Record excerpts =>
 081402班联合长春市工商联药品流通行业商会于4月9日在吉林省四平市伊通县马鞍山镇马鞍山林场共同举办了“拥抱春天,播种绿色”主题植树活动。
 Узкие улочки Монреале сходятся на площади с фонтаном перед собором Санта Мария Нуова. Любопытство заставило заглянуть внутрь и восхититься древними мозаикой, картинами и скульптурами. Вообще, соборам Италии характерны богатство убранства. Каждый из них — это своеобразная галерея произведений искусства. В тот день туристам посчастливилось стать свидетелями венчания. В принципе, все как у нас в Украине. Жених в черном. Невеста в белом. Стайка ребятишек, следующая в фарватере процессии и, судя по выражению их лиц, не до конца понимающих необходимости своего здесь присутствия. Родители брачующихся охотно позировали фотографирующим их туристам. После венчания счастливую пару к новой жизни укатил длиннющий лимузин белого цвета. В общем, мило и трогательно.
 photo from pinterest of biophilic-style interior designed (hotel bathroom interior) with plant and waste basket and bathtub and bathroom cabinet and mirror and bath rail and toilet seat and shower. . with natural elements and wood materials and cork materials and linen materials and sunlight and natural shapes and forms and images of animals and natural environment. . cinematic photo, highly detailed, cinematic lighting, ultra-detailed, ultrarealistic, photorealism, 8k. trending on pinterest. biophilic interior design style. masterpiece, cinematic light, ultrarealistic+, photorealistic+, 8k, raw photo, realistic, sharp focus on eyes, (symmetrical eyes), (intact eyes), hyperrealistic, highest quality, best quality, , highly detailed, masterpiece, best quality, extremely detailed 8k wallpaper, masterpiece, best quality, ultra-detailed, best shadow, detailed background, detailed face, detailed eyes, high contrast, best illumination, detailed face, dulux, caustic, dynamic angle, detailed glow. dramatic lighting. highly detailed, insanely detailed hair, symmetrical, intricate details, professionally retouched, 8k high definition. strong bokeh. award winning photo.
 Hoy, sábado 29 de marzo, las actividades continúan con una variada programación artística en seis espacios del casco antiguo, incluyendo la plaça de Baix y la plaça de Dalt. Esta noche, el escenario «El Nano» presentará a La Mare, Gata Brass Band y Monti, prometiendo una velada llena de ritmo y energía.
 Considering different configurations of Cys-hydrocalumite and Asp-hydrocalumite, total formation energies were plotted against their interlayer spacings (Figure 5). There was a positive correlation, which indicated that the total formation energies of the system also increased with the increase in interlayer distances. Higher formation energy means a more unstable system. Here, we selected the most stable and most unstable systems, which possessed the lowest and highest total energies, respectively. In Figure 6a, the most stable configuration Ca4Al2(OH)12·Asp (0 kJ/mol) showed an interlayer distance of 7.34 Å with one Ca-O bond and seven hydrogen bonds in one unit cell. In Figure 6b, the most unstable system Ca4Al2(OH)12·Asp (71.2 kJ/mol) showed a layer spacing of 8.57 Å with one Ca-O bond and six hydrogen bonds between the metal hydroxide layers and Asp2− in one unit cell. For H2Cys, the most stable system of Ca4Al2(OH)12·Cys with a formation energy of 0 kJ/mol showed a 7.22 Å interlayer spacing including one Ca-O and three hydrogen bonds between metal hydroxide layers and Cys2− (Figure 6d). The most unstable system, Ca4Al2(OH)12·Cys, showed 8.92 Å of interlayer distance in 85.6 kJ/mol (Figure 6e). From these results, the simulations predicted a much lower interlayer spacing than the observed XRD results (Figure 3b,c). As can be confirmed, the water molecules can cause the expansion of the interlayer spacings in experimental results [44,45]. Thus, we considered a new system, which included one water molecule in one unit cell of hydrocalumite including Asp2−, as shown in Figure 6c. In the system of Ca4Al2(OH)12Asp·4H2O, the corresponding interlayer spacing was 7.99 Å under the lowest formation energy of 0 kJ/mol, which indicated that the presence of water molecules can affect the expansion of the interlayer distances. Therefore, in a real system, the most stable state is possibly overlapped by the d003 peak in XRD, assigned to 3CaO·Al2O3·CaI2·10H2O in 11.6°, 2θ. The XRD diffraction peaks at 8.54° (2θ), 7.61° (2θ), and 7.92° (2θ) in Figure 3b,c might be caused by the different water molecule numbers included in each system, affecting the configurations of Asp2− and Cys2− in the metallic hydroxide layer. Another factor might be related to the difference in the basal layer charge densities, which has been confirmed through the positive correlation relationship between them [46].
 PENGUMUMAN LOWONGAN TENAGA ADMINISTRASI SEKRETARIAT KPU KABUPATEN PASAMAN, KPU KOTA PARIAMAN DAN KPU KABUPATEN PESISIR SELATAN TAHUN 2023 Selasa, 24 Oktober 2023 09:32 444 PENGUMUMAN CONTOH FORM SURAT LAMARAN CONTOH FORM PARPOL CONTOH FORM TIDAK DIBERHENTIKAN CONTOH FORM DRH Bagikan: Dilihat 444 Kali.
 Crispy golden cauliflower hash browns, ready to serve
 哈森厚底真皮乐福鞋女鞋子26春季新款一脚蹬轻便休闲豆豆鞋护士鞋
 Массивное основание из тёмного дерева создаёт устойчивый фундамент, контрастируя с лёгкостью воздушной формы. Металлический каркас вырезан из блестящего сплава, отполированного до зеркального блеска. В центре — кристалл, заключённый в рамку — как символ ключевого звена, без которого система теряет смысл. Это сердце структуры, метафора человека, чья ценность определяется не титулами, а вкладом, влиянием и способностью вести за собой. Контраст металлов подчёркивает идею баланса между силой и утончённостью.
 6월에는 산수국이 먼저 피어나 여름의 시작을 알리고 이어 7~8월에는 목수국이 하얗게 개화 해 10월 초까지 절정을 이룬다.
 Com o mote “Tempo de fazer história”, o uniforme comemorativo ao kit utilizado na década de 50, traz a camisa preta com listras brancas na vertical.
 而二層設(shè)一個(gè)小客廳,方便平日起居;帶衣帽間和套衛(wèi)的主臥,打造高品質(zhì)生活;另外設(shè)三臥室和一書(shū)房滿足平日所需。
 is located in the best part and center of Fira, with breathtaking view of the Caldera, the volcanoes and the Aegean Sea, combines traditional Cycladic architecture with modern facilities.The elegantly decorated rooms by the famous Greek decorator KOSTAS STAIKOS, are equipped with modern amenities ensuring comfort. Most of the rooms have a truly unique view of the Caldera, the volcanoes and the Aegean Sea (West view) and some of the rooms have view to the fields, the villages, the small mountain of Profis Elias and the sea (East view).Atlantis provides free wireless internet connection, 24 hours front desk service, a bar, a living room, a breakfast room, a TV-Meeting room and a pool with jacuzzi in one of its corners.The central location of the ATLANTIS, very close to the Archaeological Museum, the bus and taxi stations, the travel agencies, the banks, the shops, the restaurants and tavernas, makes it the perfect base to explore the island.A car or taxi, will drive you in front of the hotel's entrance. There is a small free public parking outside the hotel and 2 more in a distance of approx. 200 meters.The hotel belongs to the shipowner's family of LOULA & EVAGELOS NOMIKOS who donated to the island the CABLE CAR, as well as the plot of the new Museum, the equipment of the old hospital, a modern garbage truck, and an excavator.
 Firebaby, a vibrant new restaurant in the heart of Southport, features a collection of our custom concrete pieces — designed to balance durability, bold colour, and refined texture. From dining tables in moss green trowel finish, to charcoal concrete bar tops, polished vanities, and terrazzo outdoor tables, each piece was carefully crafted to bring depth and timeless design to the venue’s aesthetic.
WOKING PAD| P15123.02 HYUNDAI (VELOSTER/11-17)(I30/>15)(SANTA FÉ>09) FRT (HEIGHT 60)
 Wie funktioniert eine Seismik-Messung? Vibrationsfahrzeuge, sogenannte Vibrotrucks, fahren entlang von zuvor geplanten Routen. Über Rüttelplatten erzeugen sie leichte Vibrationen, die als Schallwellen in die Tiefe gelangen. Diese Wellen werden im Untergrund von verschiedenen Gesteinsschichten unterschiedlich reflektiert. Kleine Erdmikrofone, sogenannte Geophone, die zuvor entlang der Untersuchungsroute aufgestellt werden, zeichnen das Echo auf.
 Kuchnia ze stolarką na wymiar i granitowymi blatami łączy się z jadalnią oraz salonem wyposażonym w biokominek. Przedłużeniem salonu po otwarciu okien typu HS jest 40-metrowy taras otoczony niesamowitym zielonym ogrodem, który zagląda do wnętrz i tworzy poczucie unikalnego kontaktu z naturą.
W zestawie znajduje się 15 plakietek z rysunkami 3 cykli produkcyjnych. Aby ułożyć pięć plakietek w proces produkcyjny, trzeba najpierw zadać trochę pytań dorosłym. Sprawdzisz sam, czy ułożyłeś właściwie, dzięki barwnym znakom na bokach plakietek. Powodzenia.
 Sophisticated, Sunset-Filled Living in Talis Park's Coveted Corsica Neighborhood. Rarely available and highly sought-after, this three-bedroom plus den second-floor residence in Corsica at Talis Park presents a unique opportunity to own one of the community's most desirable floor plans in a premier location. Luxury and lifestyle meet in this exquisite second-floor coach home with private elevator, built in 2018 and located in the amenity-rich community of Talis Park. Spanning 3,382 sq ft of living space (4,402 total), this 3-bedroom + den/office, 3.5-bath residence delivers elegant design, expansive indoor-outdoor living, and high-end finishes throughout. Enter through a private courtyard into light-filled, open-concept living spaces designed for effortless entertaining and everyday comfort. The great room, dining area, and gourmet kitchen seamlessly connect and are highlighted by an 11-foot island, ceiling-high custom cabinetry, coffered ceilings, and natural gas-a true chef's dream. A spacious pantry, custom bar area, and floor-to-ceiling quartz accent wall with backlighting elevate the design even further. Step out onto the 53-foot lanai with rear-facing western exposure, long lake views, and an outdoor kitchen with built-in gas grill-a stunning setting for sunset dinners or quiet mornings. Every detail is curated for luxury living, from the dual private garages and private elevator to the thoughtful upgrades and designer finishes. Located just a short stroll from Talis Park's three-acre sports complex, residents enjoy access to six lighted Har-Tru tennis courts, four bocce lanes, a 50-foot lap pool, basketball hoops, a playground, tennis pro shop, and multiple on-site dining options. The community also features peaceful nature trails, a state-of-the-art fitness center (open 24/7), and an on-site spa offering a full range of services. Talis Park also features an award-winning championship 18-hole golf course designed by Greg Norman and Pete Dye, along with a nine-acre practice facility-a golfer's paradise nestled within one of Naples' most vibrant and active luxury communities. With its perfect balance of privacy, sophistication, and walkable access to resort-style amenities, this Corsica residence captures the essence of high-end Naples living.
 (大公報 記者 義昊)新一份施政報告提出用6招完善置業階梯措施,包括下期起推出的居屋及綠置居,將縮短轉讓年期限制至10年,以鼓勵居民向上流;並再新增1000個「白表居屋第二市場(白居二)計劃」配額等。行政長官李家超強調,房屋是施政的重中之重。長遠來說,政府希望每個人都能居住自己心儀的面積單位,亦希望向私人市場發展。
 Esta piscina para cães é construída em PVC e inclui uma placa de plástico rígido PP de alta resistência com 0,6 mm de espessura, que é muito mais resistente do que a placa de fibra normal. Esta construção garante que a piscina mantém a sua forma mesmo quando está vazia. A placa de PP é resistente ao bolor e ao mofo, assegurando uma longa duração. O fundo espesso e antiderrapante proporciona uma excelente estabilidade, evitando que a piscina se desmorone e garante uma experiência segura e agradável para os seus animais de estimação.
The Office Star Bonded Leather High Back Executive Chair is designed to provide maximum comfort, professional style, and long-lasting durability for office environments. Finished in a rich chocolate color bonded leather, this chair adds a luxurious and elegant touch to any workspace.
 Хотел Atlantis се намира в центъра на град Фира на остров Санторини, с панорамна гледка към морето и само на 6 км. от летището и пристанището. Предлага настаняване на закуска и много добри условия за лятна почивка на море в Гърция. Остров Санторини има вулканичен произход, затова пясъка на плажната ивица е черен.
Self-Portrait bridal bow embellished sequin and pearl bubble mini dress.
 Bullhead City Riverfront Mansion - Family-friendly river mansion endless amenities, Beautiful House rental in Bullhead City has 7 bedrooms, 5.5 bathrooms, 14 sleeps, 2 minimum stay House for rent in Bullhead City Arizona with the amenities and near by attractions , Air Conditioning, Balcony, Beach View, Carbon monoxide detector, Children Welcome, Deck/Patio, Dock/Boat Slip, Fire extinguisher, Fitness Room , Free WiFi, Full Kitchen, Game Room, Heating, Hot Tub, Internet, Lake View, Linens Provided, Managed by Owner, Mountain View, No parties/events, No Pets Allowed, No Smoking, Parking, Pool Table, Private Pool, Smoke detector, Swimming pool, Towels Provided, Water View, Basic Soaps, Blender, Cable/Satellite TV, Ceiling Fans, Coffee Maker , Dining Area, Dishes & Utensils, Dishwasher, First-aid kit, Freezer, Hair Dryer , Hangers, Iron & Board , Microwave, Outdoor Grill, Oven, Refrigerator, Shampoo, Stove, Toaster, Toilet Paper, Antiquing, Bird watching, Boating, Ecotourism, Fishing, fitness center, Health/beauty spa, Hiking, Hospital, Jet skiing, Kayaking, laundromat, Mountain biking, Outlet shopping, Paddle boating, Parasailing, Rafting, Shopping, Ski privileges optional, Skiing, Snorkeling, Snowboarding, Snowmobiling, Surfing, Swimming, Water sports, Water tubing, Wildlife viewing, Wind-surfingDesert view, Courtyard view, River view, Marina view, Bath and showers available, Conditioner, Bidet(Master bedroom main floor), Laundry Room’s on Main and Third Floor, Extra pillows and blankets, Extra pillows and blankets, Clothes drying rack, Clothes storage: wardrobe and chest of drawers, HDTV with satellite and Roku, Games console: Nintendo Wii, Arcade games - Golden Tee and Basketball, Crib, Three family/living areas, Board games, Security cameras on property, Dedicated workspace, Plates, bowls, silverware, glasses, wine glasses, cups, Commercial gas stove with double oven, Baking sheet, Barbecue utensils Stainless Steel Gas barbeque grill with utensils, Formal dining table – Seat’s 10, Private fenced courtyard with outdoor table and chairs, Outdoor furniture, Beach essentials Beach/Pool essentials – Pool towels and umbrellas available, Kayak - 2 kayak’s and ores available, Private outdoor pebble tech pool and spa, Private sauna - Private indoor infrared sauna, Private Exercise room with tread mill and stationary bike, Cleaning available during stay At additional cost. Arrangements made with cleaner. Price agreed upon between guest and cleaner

What is needed => Using the entries above, return exactly the lines from the line with "Firebaby, a vibrant" to the line with "WOKING PAD| P15123.02", counting both of those lines.

Your response =>
 Firebaby, a vibrant new restaurant in the heart of Southport, features a collection of our custom concrete pieces — designed to balance durability, bold colour, and refined texture. From dining tables in moss green trowel finish, to charcoal concrete bar tops, polished vanities, and terrazzo outdoor tables, each piece was carefully crafted to bring depth and timeless design to the venue’s aesthetic.
WOKING PAD| P15123.02 HYUNDAI (VELOSTER/11-17)(I30/>15)(SANTA FÉ>09) FRT (HEIGHT 60)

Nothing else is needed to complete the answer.